Repeat the records exactly as given. Do not include the pictures.

*** WORKING DATA ***

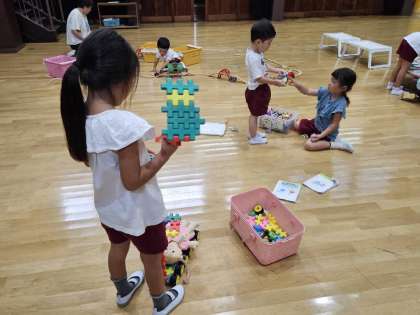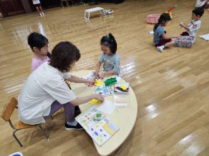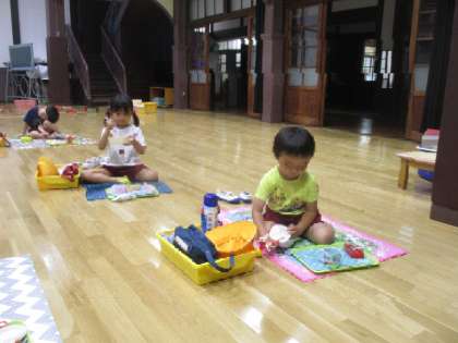 この日は、ブロックや積み木、お絵かきやおりがみなど、室内でいろいろな遊びをじっくりと楽しんでいました。異年齢の関わりもよい刺激になっています。
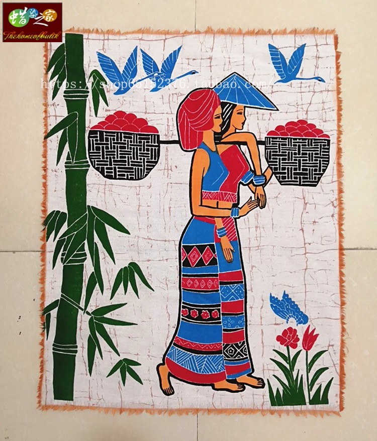 New heavy color silk screen painting ethnic village decoration tourism memorial home decoration burden 85*65CM
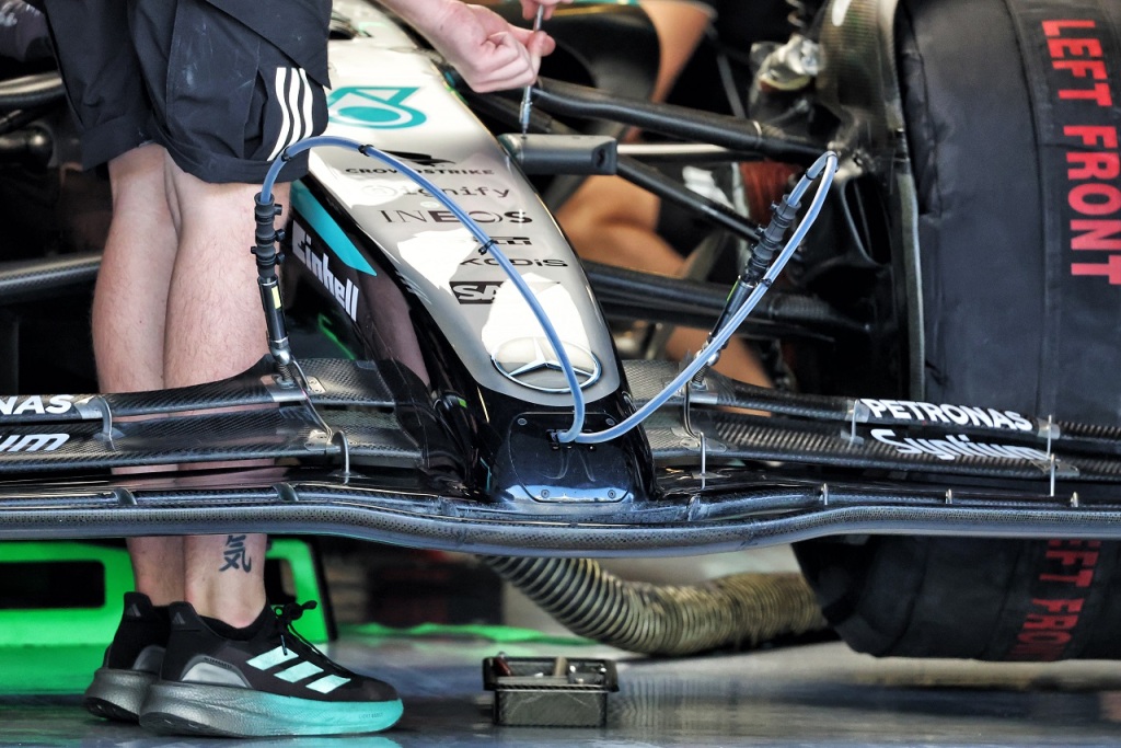 2025年F1アブダビテスト アンドレア・キミ・アントネッリ(メルセデス)が乗るミュールカーに可動式フロントウイング実験版が搭載
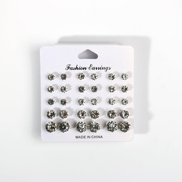 Rhinestone Stud Earrings by the Dozen #ERRST102SV - Silver (12PC)
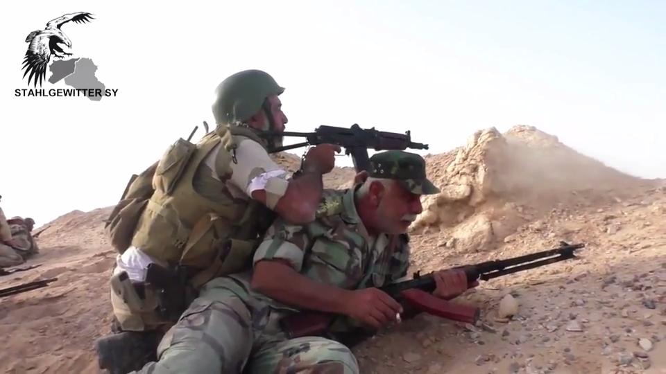 Close air support for Syrian government forces by Mi-24 gunships in eastern Syria. Firefight between Syrian soldiers and entrenched terrorists.
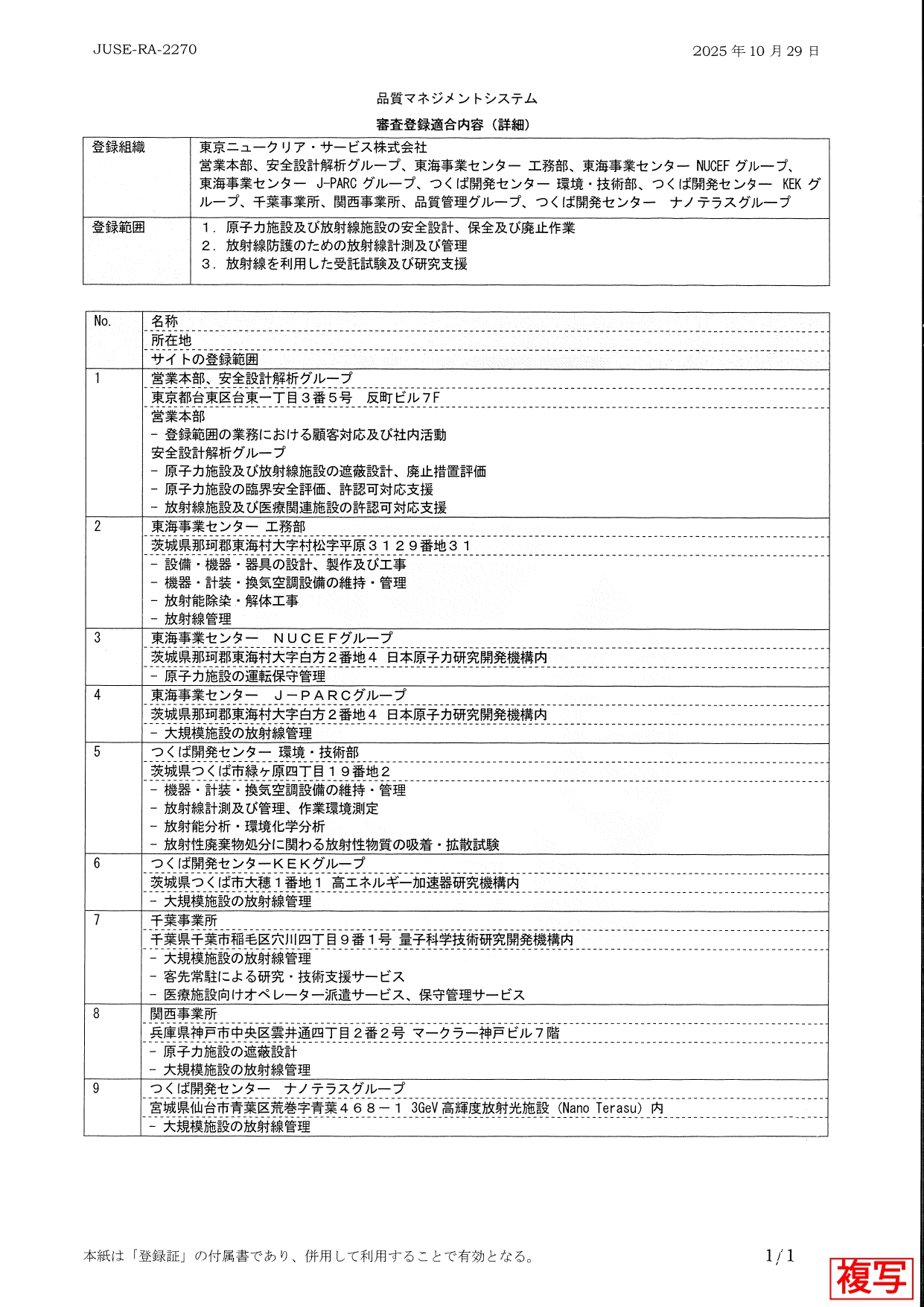 当社は、原子力・放射線の安全活用に関する技術サービスを提供する会社として、法令・規制を遵守し、誠実にかつ確かな技術で社会の要請に応えます。
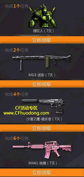 领取奖励不消耗任务数。也就是如果你完成了6个任务,可以把上面的奖励通通拿走。 CF2.0火线赏金令任务 完成一次间谍战 完成一局擂台模式 在爆破战中,一局游戏杀敌达到30个,并最终获得胜利 加入一场新的游戏后,3分钟内杀敌人数达到10人 在团队竞技或爆破战中,对局结束时,获得ACE称号 有的玩家问,CF赏金令活动怎么接任务呢?其实这个任务不用接,直接完成后就可领取奖励。 CF2.0火线赏金令活动网址 这次的网址是: 《穿越火线:枪战王者》最大化程度复刻了端游的枪械手感,为了确保玩家能有最好的操作手感,端游开发团队原班人马针对操作进行了上万次测试,终于让玩家在手游上也能体验到不亚于端游的爽快、真实的枪战乐趣,以及用技术说话的公平竞技。 | 推荐资讯 总人气榜最新教程 本月人气
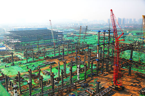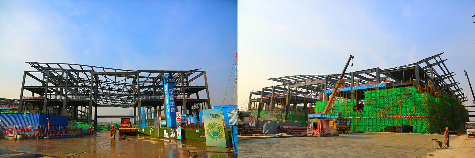 一號至三號展館鋼結(jié)構(gòu)吊裝進(jìn)行中
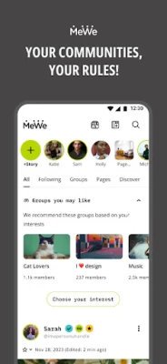 MeWe is one of the world's largest decentralized social media networks. With a privacy focus, it contains no ads, no targeting and no newsfeed manipulation. We are a community focused experience with more than 700,000 interest groups, allowing anyone to find like-minded people that share their same passions – no matter how obscure.
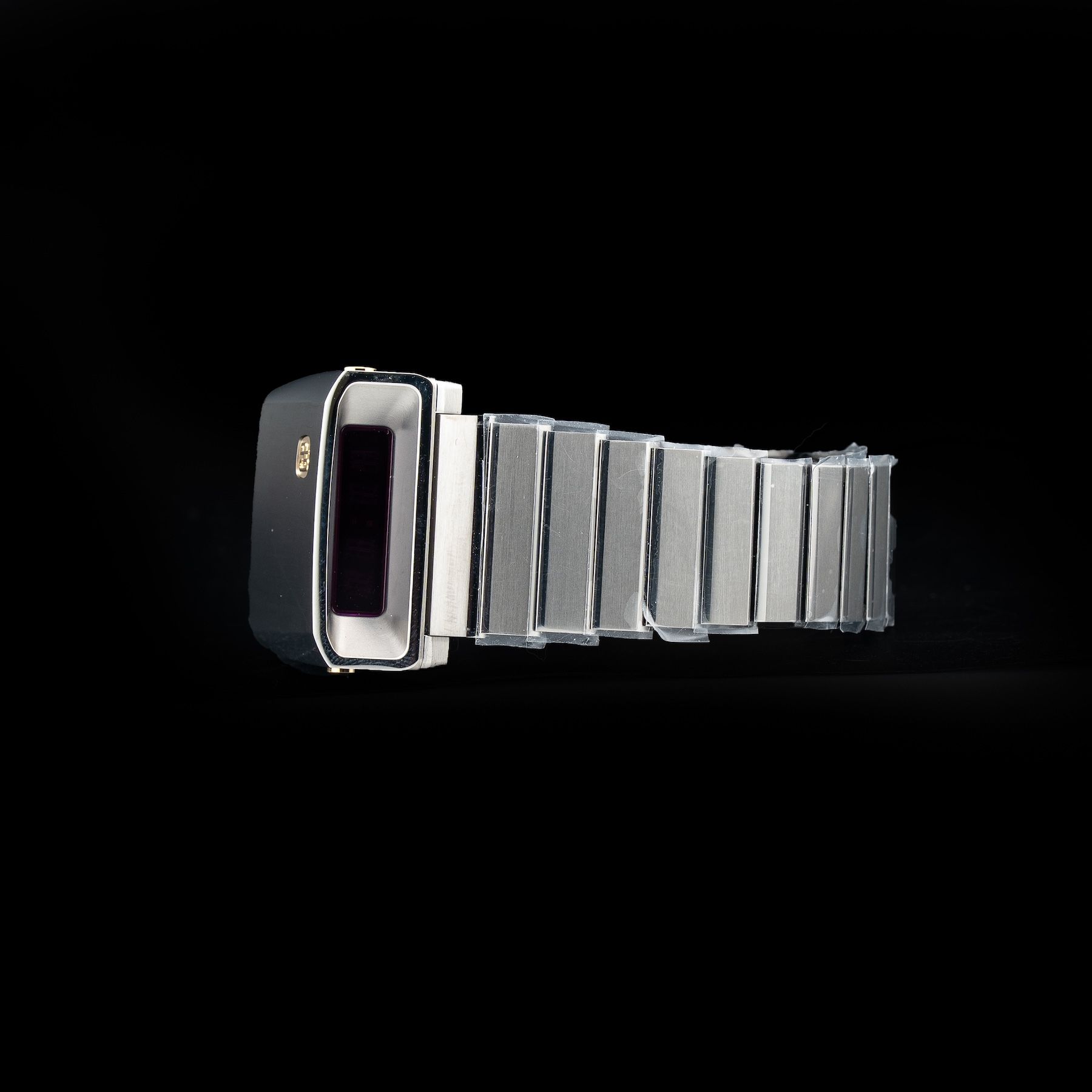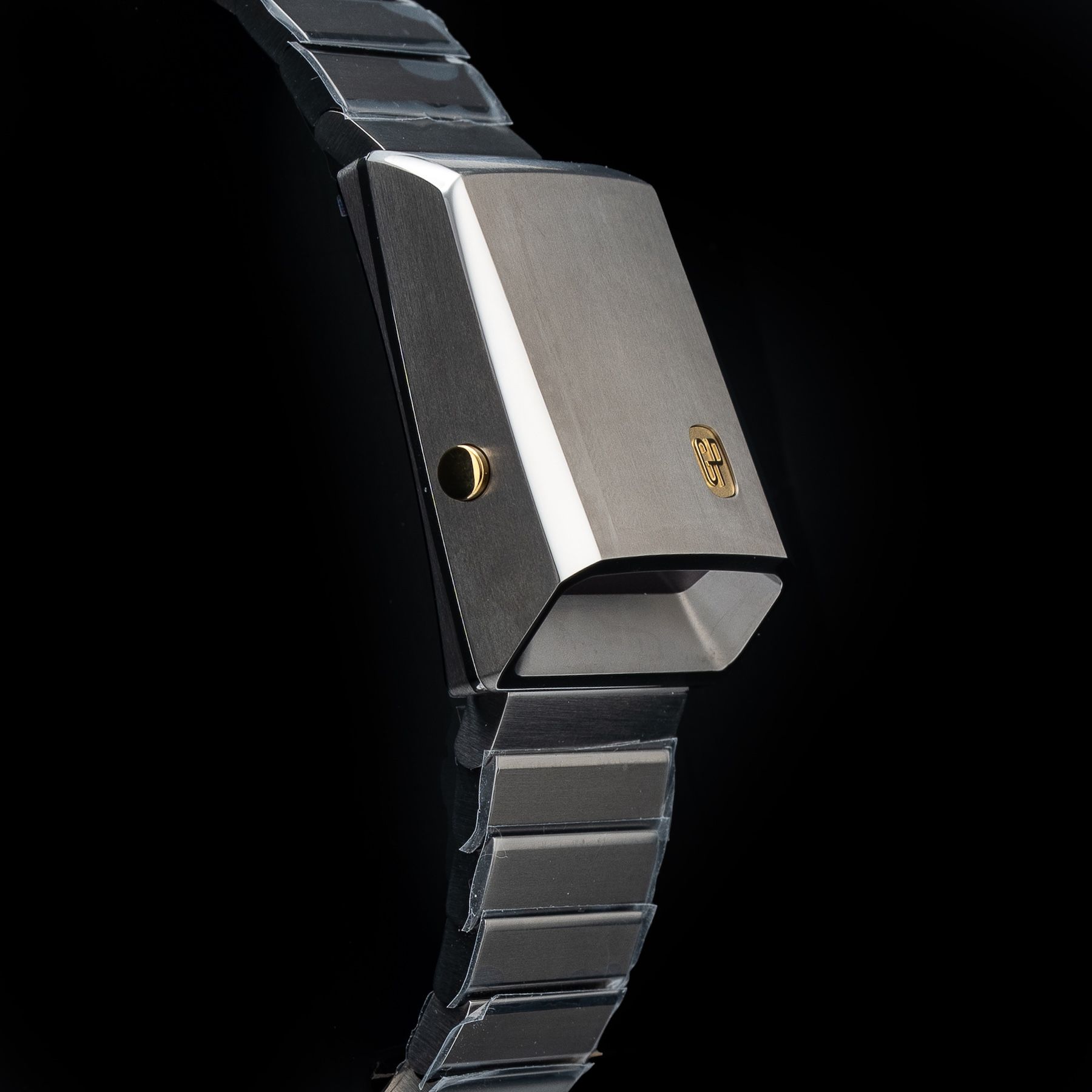 This watch features a 42.40 x 33.60 mm Titanium and Yellow Gold GP case on titanium bracelet. This watch also sports a black dial. Powered by a quartz movement. Water resistance up to 50 meters.
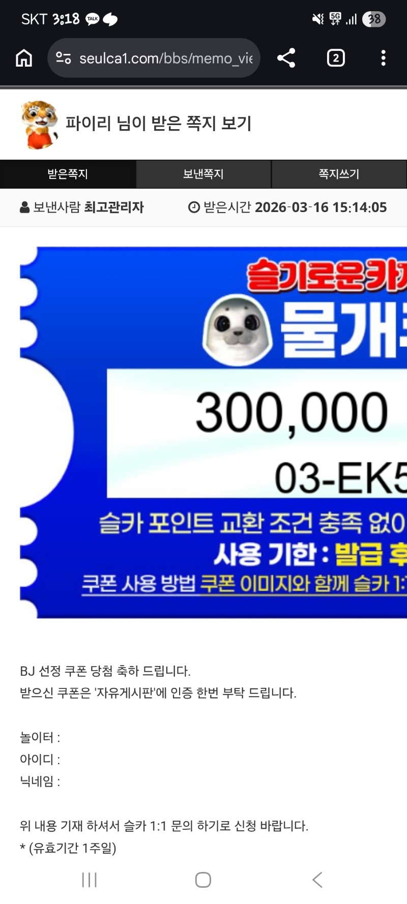 물개추겜포+비제쿱까지~ 파이리 12 0 0 15:18:58 *기프티콘 바코드 노출 주의* <- 0 0 https://seulca1.com/bbs/board.php?bo_table=free&wr_id=3687995 Author 2 1 Lv.12 파이리 12 17,652,622 (93%) 파이리님 보유 포인트 : P 5,498 03.16 이모~ +2 03.16 랑아 수익 축하한다!! +12 03.16 물개추겜포+비제쿱까지~ +6 03.16 활동왕포&비벼추겜 +12 03.16 주복당첨금 ㅋㅋ
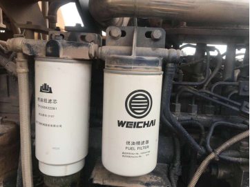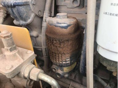 2、更換發動機柴油濾芯(圖3),柴油濾芯是為一次性使用的,嚴禁清洗和反復使用。柴油濾芯安裝時,密封圈上涂抹少量潤滑油,用手擰緊直到密封墊與濾芯蓋頭相接觸為止,然后再擰緊半圈到3/4圈,且勿擰太緊,導致濾芯及密封圈變形漏油。
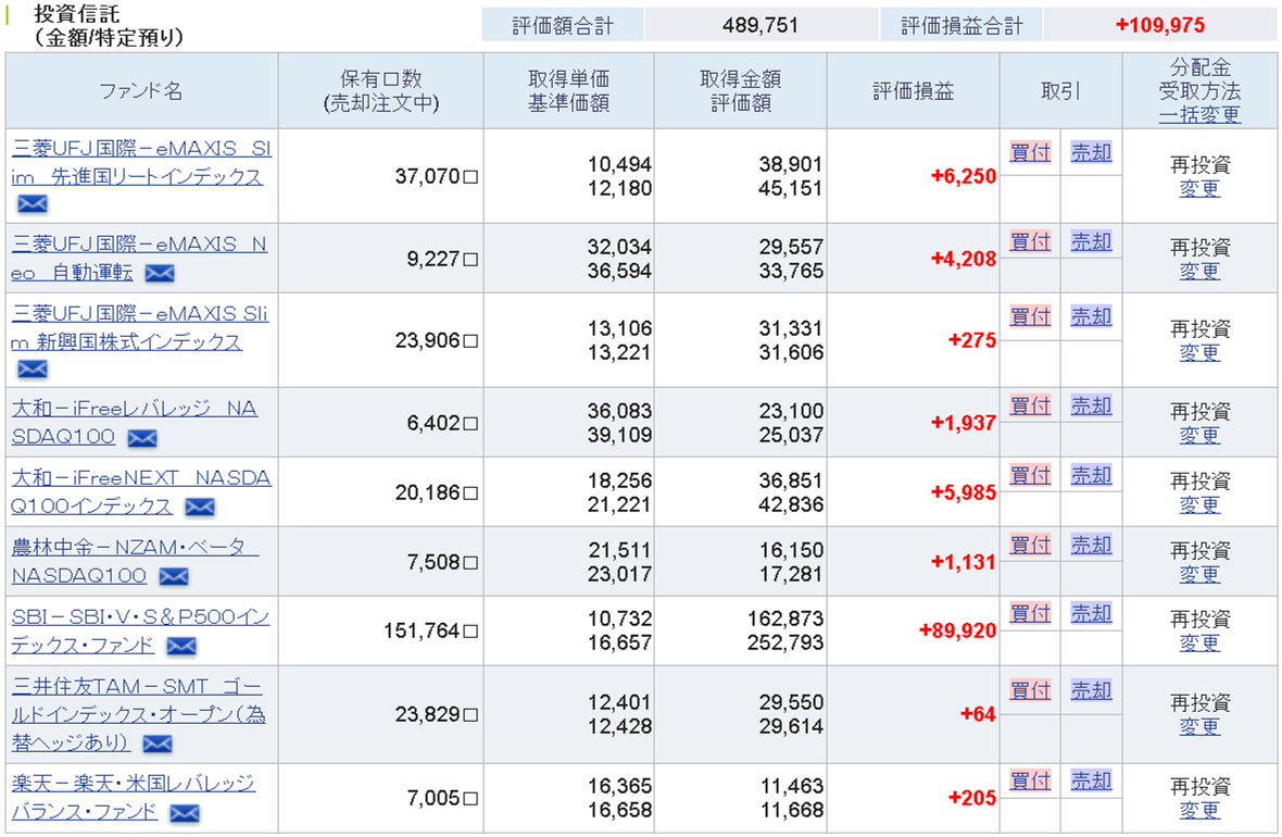 楽天証券口座の投資信託では、毎月積み立て、SBI証券では毎日積み立てにしています。差を見てみたいということ、短期的に下がったところを逃したくないという意味でそのように設定しています。 そして、毎日積み立て額をiFreeレバ:300円(400円)、先進国REIT:200円、自動運転:150円、新興国株:150円、iFreeNEXT:200円(300円)、農林中金:200円(300円)、ゴールド:150円、SBIバンガード:150円、USA360:200円(新規追加)に変更しています。(カッコ内は先月までの積み立て額)手数料なども考慮しながら、分散を利かせた積み立て設定にしています。

*** End of WORKING DATA ***

### OUTPUT OF THE TASK
 この日は、ブロックや積み木、お絵かきやおりがみなど、室内でいろいろな遊びをじっくりと楽しんでいました。異年齢の関わりもよい刺激になっています。
 New heavy color silk screen painting ethnic village decoration tourism memorial home decoration burden 85*65CM
 2025年F1アブダビテスト アンドレア・キミ・アントネッリ(メルセデス)が乗るミュールカーに可動式フロントウイング実験版が搭載
 Rhinestone Stud Earrings by the Dozen #ERRST102SV - Silver (12PC)
 Close air support for Syrian government forces by Mi-24 gunships in eastern Syria. Firefight between Syrian soldiers and entrenched terrorists.
 当社は、原子力・放射線の安全活用に関する技術サービスを提供する会社として、法令・規制を遵守し、誠実にかつ確かな技術で社会の要請に応えます。
 领取奖励不消耗任务数。也就是如果你完成了6个任务,可以把上面的奖励通通拿走。 CF2.0火线赏金令任务 完成一次间谍战 完成一局擂台模式 在爆破战中,一局游戏杀敌达到30个,并最终获得胜利 加入一场新的游戏后,3分钟内杀敌人数达到10人 在团队竞技或爆破战中,对局结束时,获得ACE称号 有的玩家问,CF赏金令活动怎么接任务呢?其实这个任务不用接,直接完成后就可领取奖励。 CF2.0火线赏金令活动网址 这次的网址是: 《穿越火线:枪战王者》最大化程度复刻了端游的枪械手感,为了确保玩家能有最好的操作手感,端游开发团队原班人马针对操作进行了上万次测试,终于让玩家在手游上也能体验到不亚于端游的爽快、真实的枪战乐趣,以及用技术说话的公平竞技。 | 推荐资讯 总人气榜最新教程 本月人气
 一號至三號展館鋼結(jié)構(gòu)吊裝進(jìn)行中
 MeWe is one of the world's largest decentralized social media networks. With a privacy focus, it contains no ads, no targeting and no newsfeed manipulation. We are a community focused experience with more than 700,000 interest groups, allowing anyone to find like-minded people that share their same passions – no matter how obscure.
 This watch features a 42.40 x 33.60 mm Titanium and Yellow Gold GP case on titanium bracelet. This watch also sports a black dial. Powered by a quartz movement. Water resistance up to 50 meters.
 물개추겜포+비제쿱까지~ 파이리 12 0 0 15:18:58 *기프티콘 바코드 노출 주의* <- 0 0 https://seulca1.com/bbs/board.php?bo_table=free&wr_id=3687995 Author 2 1 Lv.12 파이리 12 17,652,622 (93%) 파이리님 보유 포인트 : P 5,498 03.16 이모~ +2 03.16 랑아 수익 축하한다!! +12 03.16 물개추겜포+비제쿱까지~ +6 03.16 활동왕포&비벼추겜 +12 03.16 주복당첨금 ㅋㅋ
 2、更換發動機柴油濾芯(圖3),柴油濾芯是為一次性使用的,嚴禁清洗和反復使用。柴油濾芯安裝時,密封圈上涂抹少量潤滑油,用手擰緊直到密封墊與濾芯蓋頭相接觸為止,然后再擰緊半圈到3/4圈,且勿擰太緊,導致濾芯及密封圈變形漏油。
 楽天証券口座の投資信託では、毎月積み立て、SBI証券では毎日積み立てにしています。差を見てみたいということ、短期的に下がったところを逃したくないという意味でそのように設定しています。 そして、毎日積み立て額をiFreeレバ:300円(400円)、先進国REIT:200円、自動運転:150円、新興国株:150円、iFreeNEXT:200円(300円)、農林中金:200円(300円)、ゴールド:150円、SBIバンガード:150円、USA360:200円(新規追加)に変更しています。(カッコ内は先月までの積み立て額)手数料なども考慮しながら、分散を利かせた積み立て設定にしています。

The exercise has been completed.